From the line that contains "Cash & Camels" down to the last line of the data below, restate every line word for word, skipping any images.

→ **THE DATA**:
::::
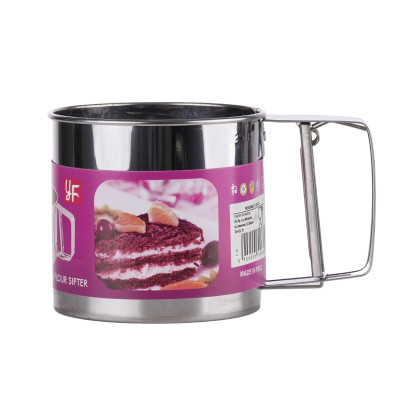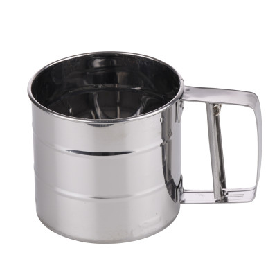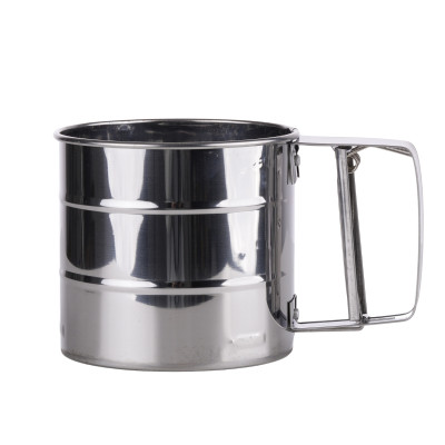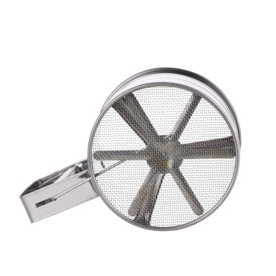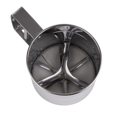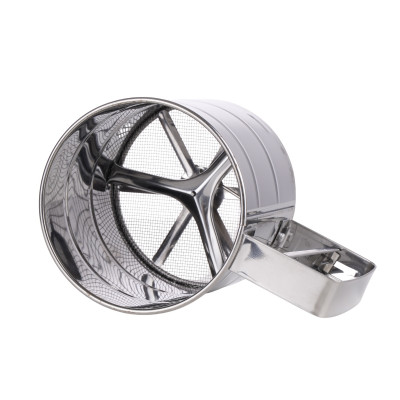 Stalowy przesiewacz do mąki czy cukru pudru o średnicy 10 cm.
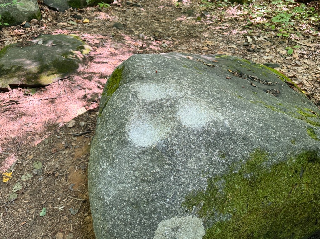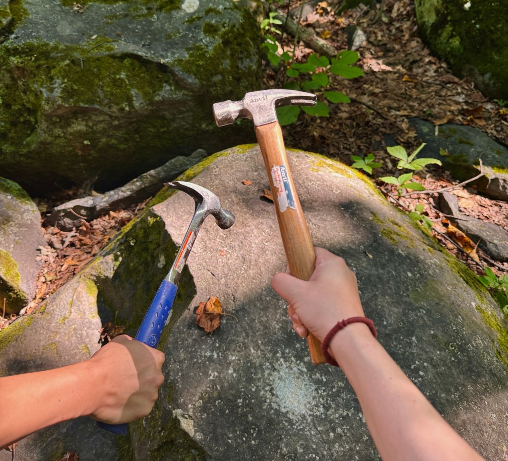 The whole point of coming here is to bang the rocks in the area with a hammer because they make different sounds. There’s a short loop trail you can take to the boulder field, or you can just bee-line it there without doing the trail at all. Those white marks on the boulders are from where everyone has hit them over and over, over time. Isn’t that so cool?
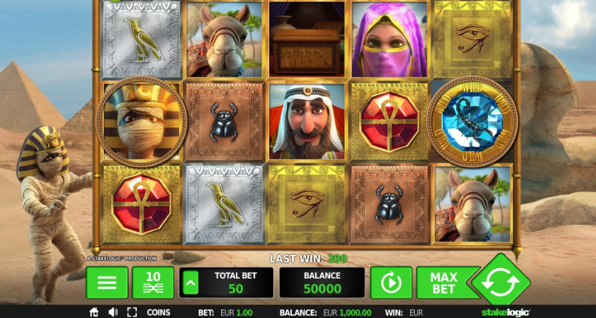 Cash & Camels Online Video Slot is a 5 reel with 10 paylines video slot powered by Stake Logic. The slot has an ancient Egyptian theme. The slot is designed with nice graphics and also nice visuals. It comes with a special bonus prize, spinning wilds and also the free spins feature. The game play is also well detailed and easy to follow.
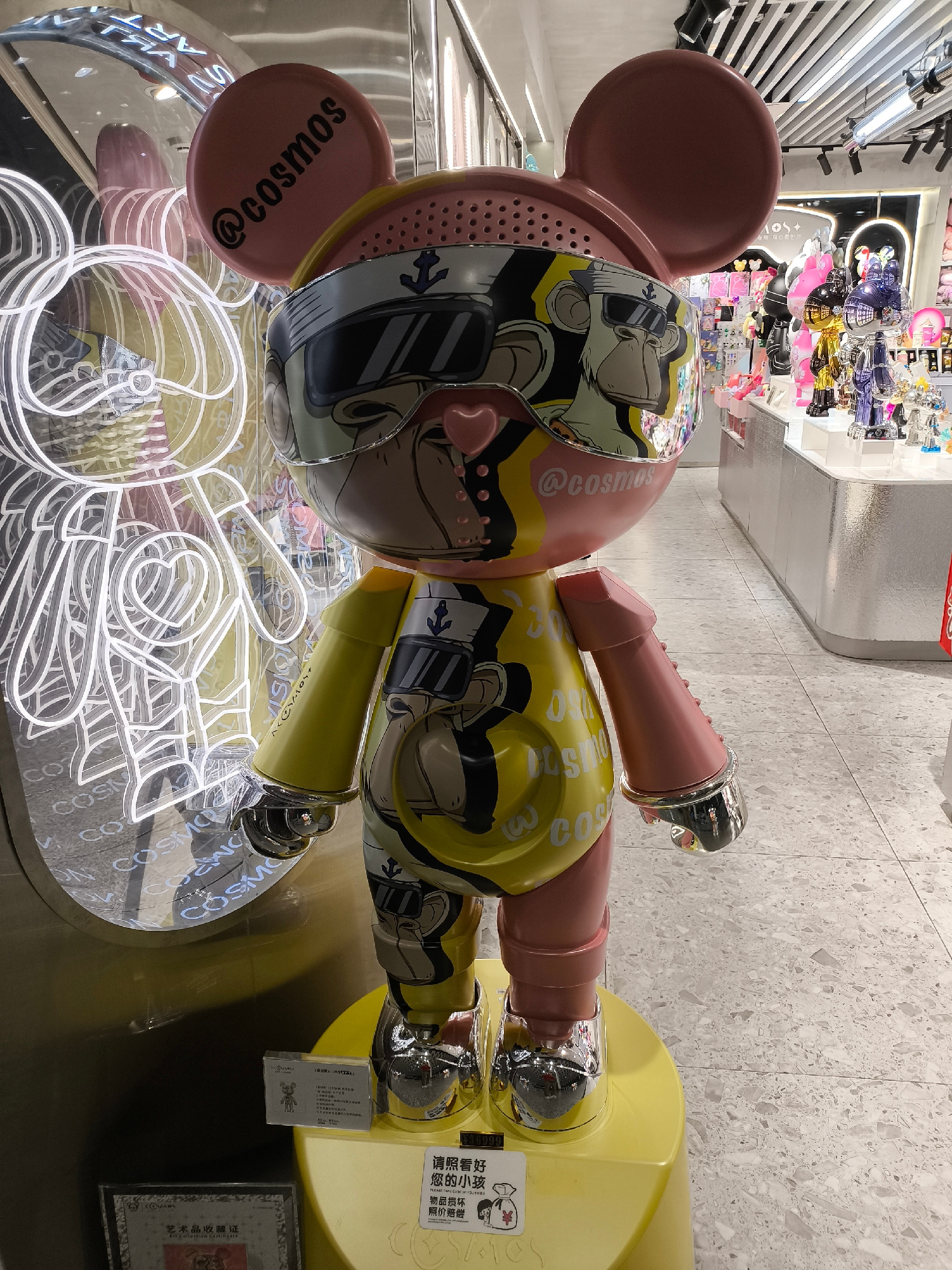 Here's a detailed description of the image: **Scene:** The image shows a large, decorative art piece of a bear-like character, likely a display in a retail environment. **Subject:** * The central…read more
::::
→ **SOLUTION TO THIS EXERCISE**:
 Cash & Camels Online Video Slot is a 5 reel with 10 paylines video slot powered by Stake Logic. The slot has an ancient Egyptian theme. The slot is designed with nice graphics and also nice visuals. It comes with a special bonus prize, spinning wilds and also the free spins feature. The game play is also well detailed and easy to follow.
 Here's a detailed description of the image: **Scene:** The image shows a large, decorative art piece of a bear-like character, likely a display in a retail environment. **Subject:** * The central…read more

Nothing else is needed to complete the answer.